◆ Instructions to follow: In the records below, find the line that holds "ICCSZ訊 馬薩諸塞州洛厄爾 –". Restate it and every later line exactly, stopping at the end and skipping pictures.

[Data extracted from a collection]
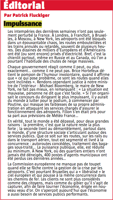 Éditorial intitulé " Impuissance " écrit par Patrick Fluckiger et paru dans le journal l'Alsace le jeudi 30 décembre 2010.
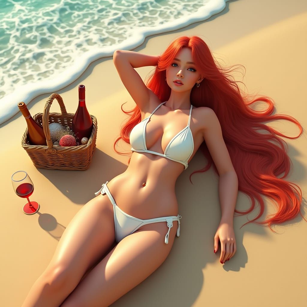 This image shows a beautiful redhead in a white bikini relaxing on a golden sand beach. The 3D digital art style features glamorous and sensual vibrant colors, intricate textures and subtle lighting.
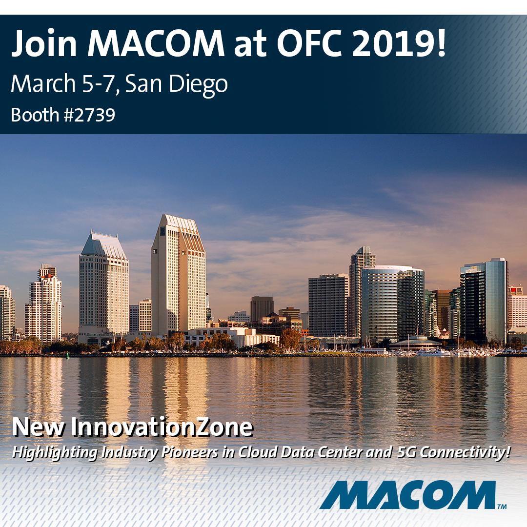 ICCSZ訊 馬薩諸塞州洛厄爾 – 全球領(lǐng)先半導(dǎo)體解決方案供應(yīng)商——MACOM Technology Solutions Inc.(“MACOM”)將于3月5日-7日在2019年美國圣地亞哥光纖通訊網(wǎng)絡(luò)展覽會(huì)及研討會(huì)的#2739號(hào)展位(OFC)展示InnovationZone一系列全新的光電和光子解決方案產(chǎn)品組合。
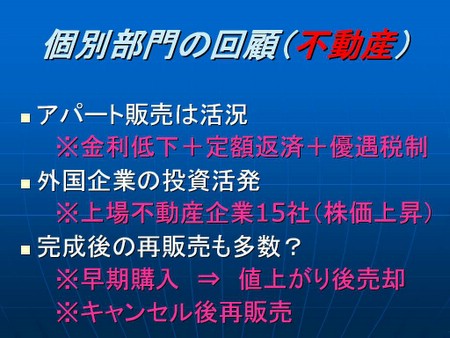 一方で急速な貸し出しの伸びということはですね、支払いの遅延、いわゆる不良債権ですね、この増加にもつながっておりまして、法人ではここにありますよう に2.7%、それから個人で7.6%という比較的高い数字になっておりますが、これはまだまだ銀行の貸し出し金利が高水準にとどまっているという一つの要 因かというふうにも思われます。
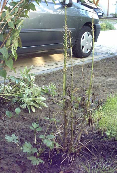 - Jetzt kommt es auf den Rückschnitt an: so etwa eine Handbreit über dem Boden werden die übrigens immer hohlen Stängel gekappt.
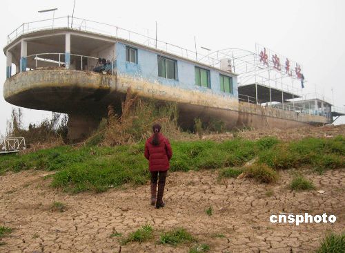12月10日清晨,湖南境內湘江流域長沙段面臨最低枯水位,游船高高擱淺在干涸的河床上。2007年汛期之后,湖南省降雨持續(xù)偏少,旱情迅速發(fā)展,已持續(xù)兩個多月,湘江水位持續(xù)走低,部分江段出現歷史記載以來的最低水位。據統(tǒng)計,目前湖南全省因旱造成4500多個村民組8.3萬多人及4萬多頭大牲畜飲水困難。中新社發(fā) 劉雙雙 攝
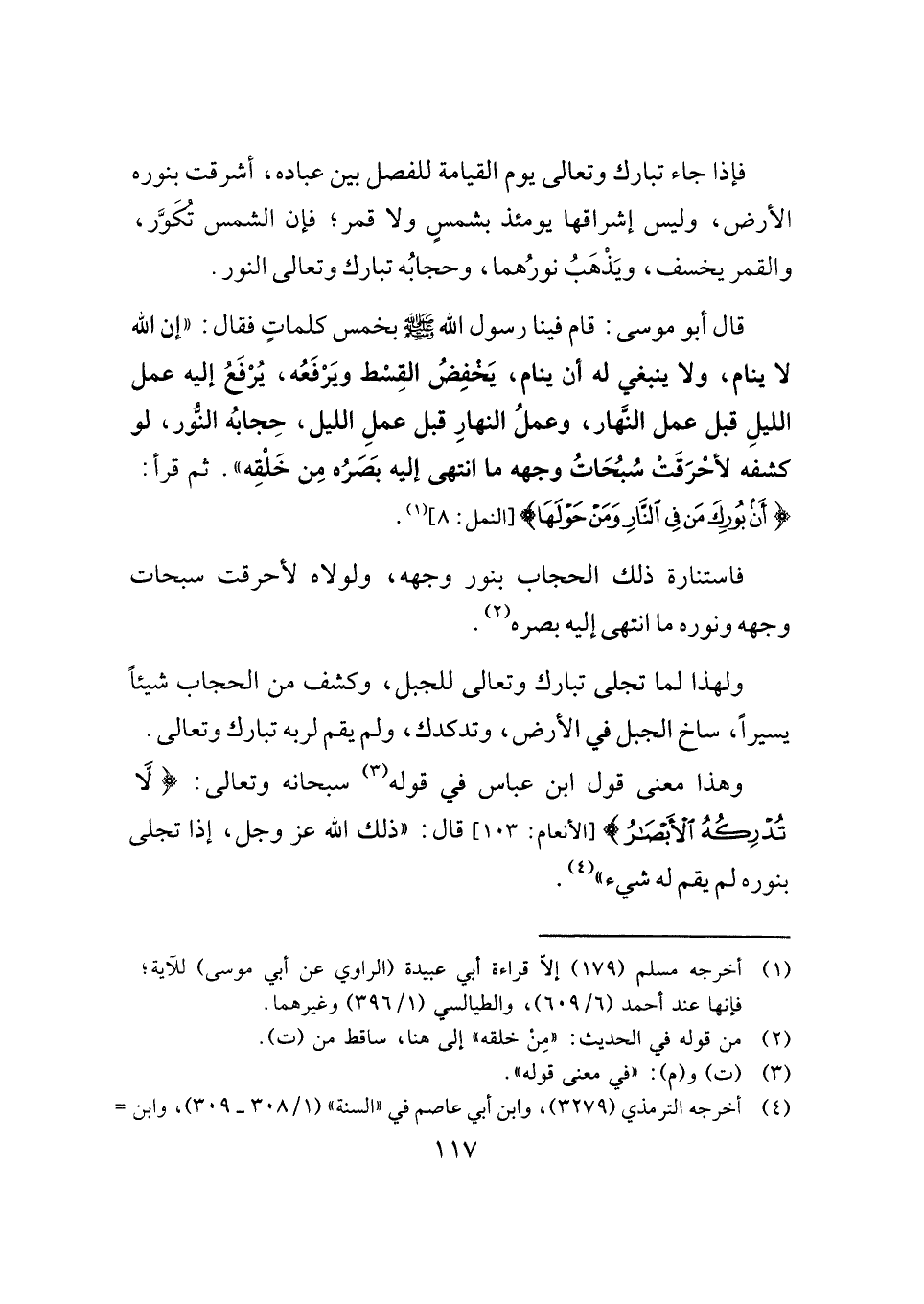 وهذا معنى قول ابن عباس في قوله (¬٣) سبحانه وتعالى: {لَا تُدْرِكُهُ الْأَبْصَارُ} [الأنعام: ١٠٣] قال: "ذلك الله عز وجل، إذا تجلى بنوره لم يقم له شيء" (¬٤).
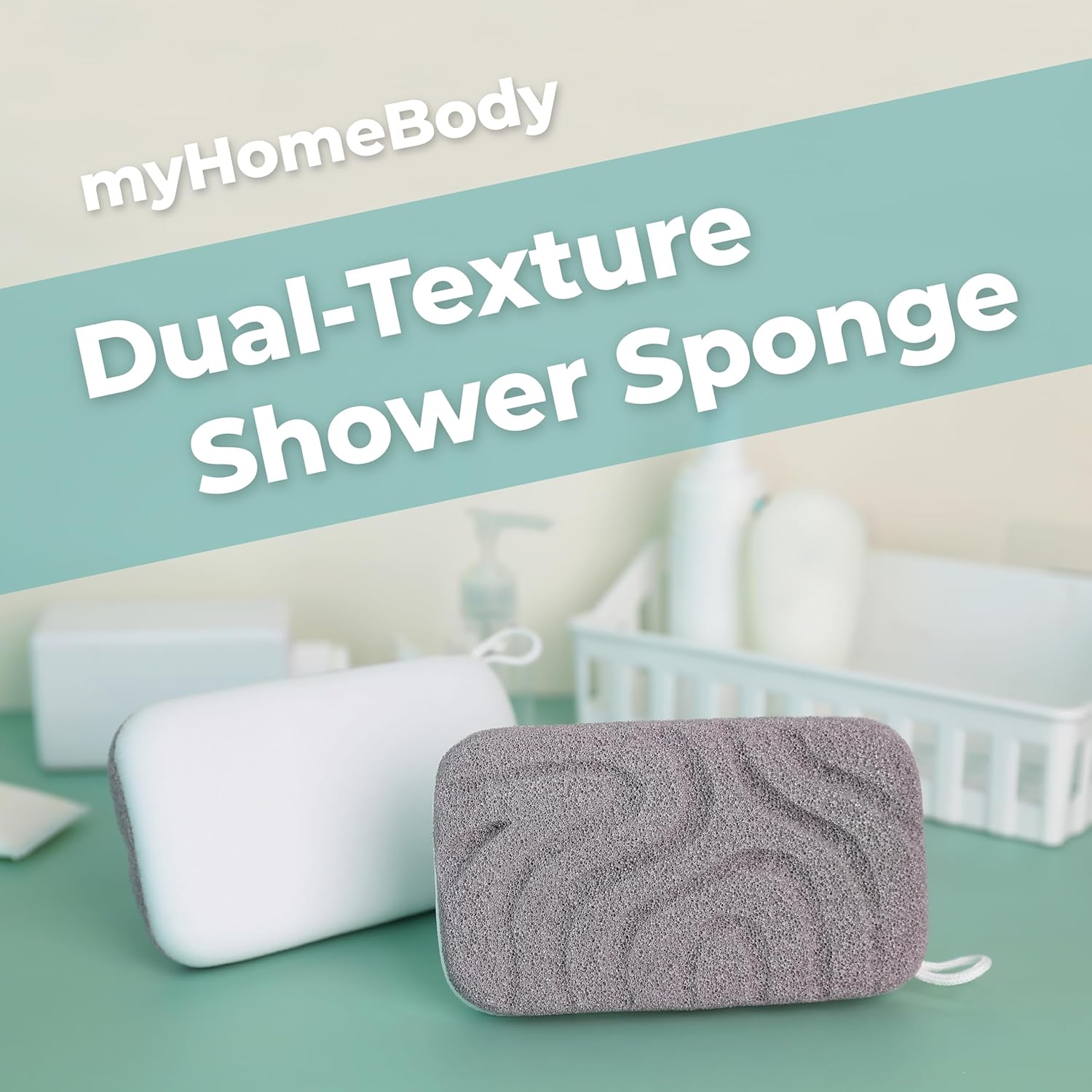 myHomeBody Dual-Texture Shower Sponge, Beauty Body Scrubber Exfoliator for Women, Exfoliating Loofah for Men, 1pc

◆ Solved exercise:
 ICCSZ訊 馬薩諸塞州洛厄爾 – 全球領(lǐng)先半導(dǎo)體解決方案供應(yīng)商——MACOM Technology Solutions Inc.(“MACOM”)將于3月5日-7日在2019年美國圣地亞哥光纖通訊網(wǎng)絡(luò)展覽會(huì)及研討會(huì)的#2739號(hào)展位(OFC)展示InnovationZone一系列全新的光電和光子解決方案產(chǎn)品組合。
 一方で急速な貸し出しの伸びということはですね、支払いの遅延、いわゆる不良債権ですね、この増加にもつながっておりまして、法人ではここにありますよう に2.7%、それから個人で7.6%という比較的高い数字になっておりますが、これはまだまだ銀行の貸し出し金利が高水準にとどまっているという一つの要 因かというふうにも思われます。
 - Jetzt kommt es auf den Rückschnitt an: so etwa eine Handbreit über dem Boden werden die übrigens immer hohlen Stängel gekappt.
12月10日清晨,湖南境內湘江流域長沙段面臨最低枯水位,游船高高擱淺在干涸的河床上。2007年汛期之后,湖南省降雨持續(xù)偏少,旱情迅速發(fā)展,已持續(xù)兩個多月,湘江水位持續(xù)走低,部分江段出現歷史記載以來的最低水位。據統(tǒng)計,目前湖南全省因旱造成4500多個村民組8.3萬多人及4萬多頭大牲畜飲水困難。中新社發(fā) 劉雙雙 攝
 وهذا معنى قول ابن عباس في قوله (¬٣) سبحانه وتعالى: {لَا تُدْرِكُهُ الْأَبْصَارُ} [الأنعام: ١٠٣] قال: "ذلك الله عز وجل، إذا تجلى بنوره لم يقم له شيء" (¬٤).
 myHomeBody Dual-Texture Shower Sponge, Beauty Body Scrubber Exfoliator for Women, Exfoliating Loofah for Men, 1pc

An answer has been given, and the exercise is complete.